Your best automation opportunities will depend on the unique characteristics of your organization. “Innovation and ideation is really all about innovative ideas coming from the people that are currently performing the work – from thinking about newer, more intelligent ways to execute work on a daily basis,” Dinola said. To help foster and filter out the best opportunities for automation, many companies begin with by assessing their processes and then implementing a structured methodology for automation.
Most importantly, successful companies recognize that automation is an ongoing effort that requires leadership from a responsible team or specific roles.
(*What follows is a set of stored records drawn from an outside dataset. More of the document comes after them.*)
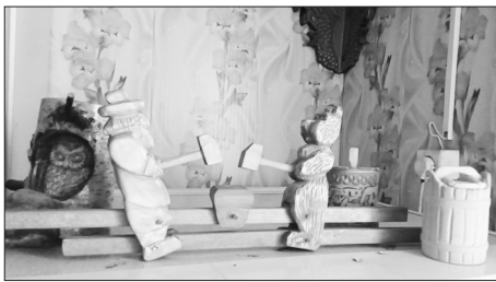
Богородская игрушка «Кузнечи»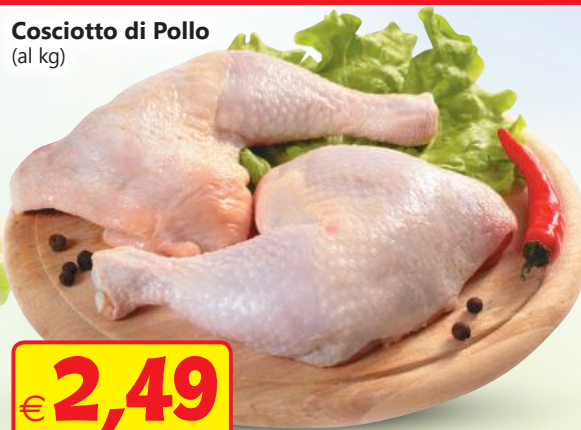
Cosciotto di Pollo (al kg)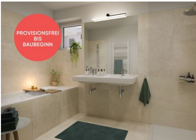
Traisengasse 20-22 | Badezimmer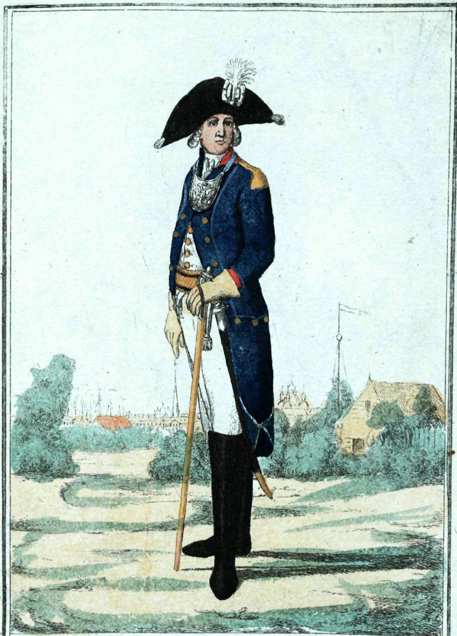
Греческаго Кадетскаго Корпуса офицеръ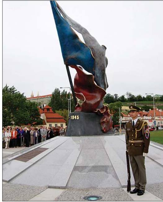
Pomník je vkusný a nadčasový.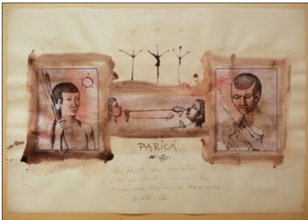
Paricá, Blatt IV 1993, Collage - Ink, 47 x 75 cm Gegenseitiges Einblasen von halluzinogenem Pulver. (Anadenanthera)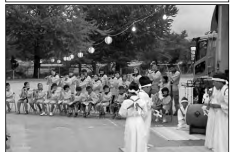
美祢市立別府小学校

地域の伝統芸能「別府岩戸神楽舞」を3年生以上が学んでいる。地域の盆踊りや神社の大祭で披露し、伝統を継承する姿を見せている。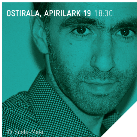
OSTIRALA, APIRILAK 19 18:30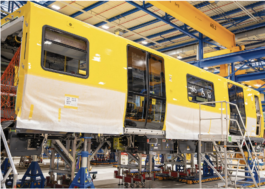
Ein neuer U-Bahnwagen für Berlin in der Fertigung

Bei der U3-Verlängerung zum Mexikoplatz hat der Senat in diesem Jahr die Durchführung der nächsten Planungsschritte beschlossen, der Spatenstich ist in 2025 geplant. Die Kosten-Nutzen-Untersuchung und Wirtschaftlichkeitsberechnung ist ein entscheidender Schritt für den U-Bahn-Bau, diese wichtigen Planungsschritte wurden kürzlich für die U7 bis Flughafen BER und bis Heerstraße Nord beschlossen. Für die U8 bis ins Märkische Viertel kommt als nächster Schritt die Wirtschaftlichkeitsuntersuchung. Auch die Verlängerung der U-Bahnen in den Pankower Norden sind in Planung.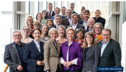
Kooperationen mit außerschulischen Partnern im Ganzttag stärken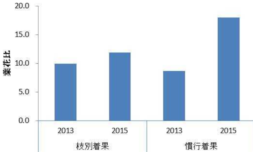
図1 着果方法の違いによる「熊本 EC11」の翌年の着花 注) 葉花比：総花数/旧葉数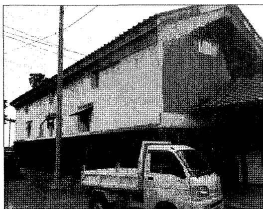
▲ 집락의 비축미를 저장하고 있는 주정 창고

팜에서는 재해시를 준비하는 것으로 비축미를 확보하고 있다. 집락사람들이 최저 3일간 먹을 수 있는 600kg을 집락내의 양조장에 보관하고 있다.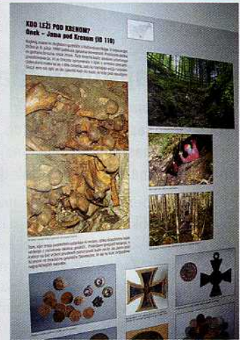
Pano Kdo leži Pod Krenom prikazuje izsledke raziskave iz lanske jeseni, ki je potrdila, da so v tem grobišču verjetno pobiti pripadniki drugih narodnosti.

na sodišča. Proglašena bo nova amnestija. Nimate torej nobenega razloga biti tako počasni v čiščenju kot doslej." Kardelj je v tej depeši uporabil izraz "čiščenje", ki je v tistem času pomenil samo eno: aretacije, umore, pomore, skratka, radikalno odstranjevanje političnih nasprotnikov. Tisti, ki so se do zdaj izgovarjali, da slovenski komunisti niso organizirali pomorov in da zato zanje niso odgovorni, saj da za kaj takšnega ni dokazov, in da jih je torej izvajal nekdo drug (npr. "jugoslovanska armada"), so zdaj končno dobili toliko potrebni in odločilni "dokaz". Komunisti in njihovi partizani so med vojno pobili na tisoče Slovencev, po vojni pa še več, kljub temu pa si nekdo drzne govoriti o nekakšnih dokazih za to.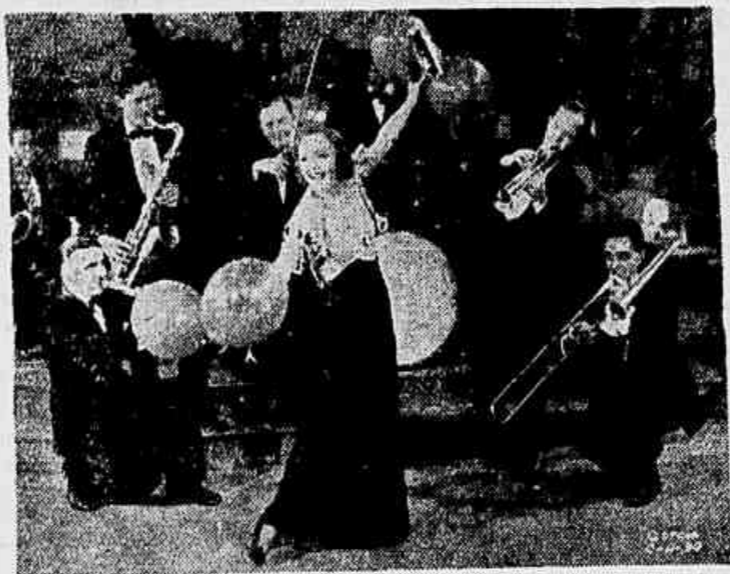
Nancy Carroll numa scena do filme "Anjo de Nova York" que o Rosario apresentará segunda-feira

Com John Boles, Nancy Carroll chegará segunda-feira em "Anjo de Nova York", o filme Columbia que o Rosario estreará nesse dia

To drive ongoing efficiencies, you need to assign teams or roles to drive your intelligent automation strategy. By assigning a central team or role for driving intelligent automation, you can also centralize the institutional knowledge about your lessons learned.
In a recent Grant Thornton webinar for manufacturers, attendees identified whether and how they have assigned the responsibility for ongoing intelligent automation within their companies. Although many manufacturers have hesitated to establish a center of excellence (COE) or other central responsibility for intelligent automation, this central authority can be an early indicator of which companies will achieve their goals.
“One of our observations is this: The organizations that establish a COE for these intelligent automation initiatives are by far the most successful,” Nicholson said.
As market forces continue to drive manufacturers to review and streamline their office processes, it’s time for companies to establish responsibilities and take proactive steps needed to capture the time, cost and accuracy benefits of intelligent automation.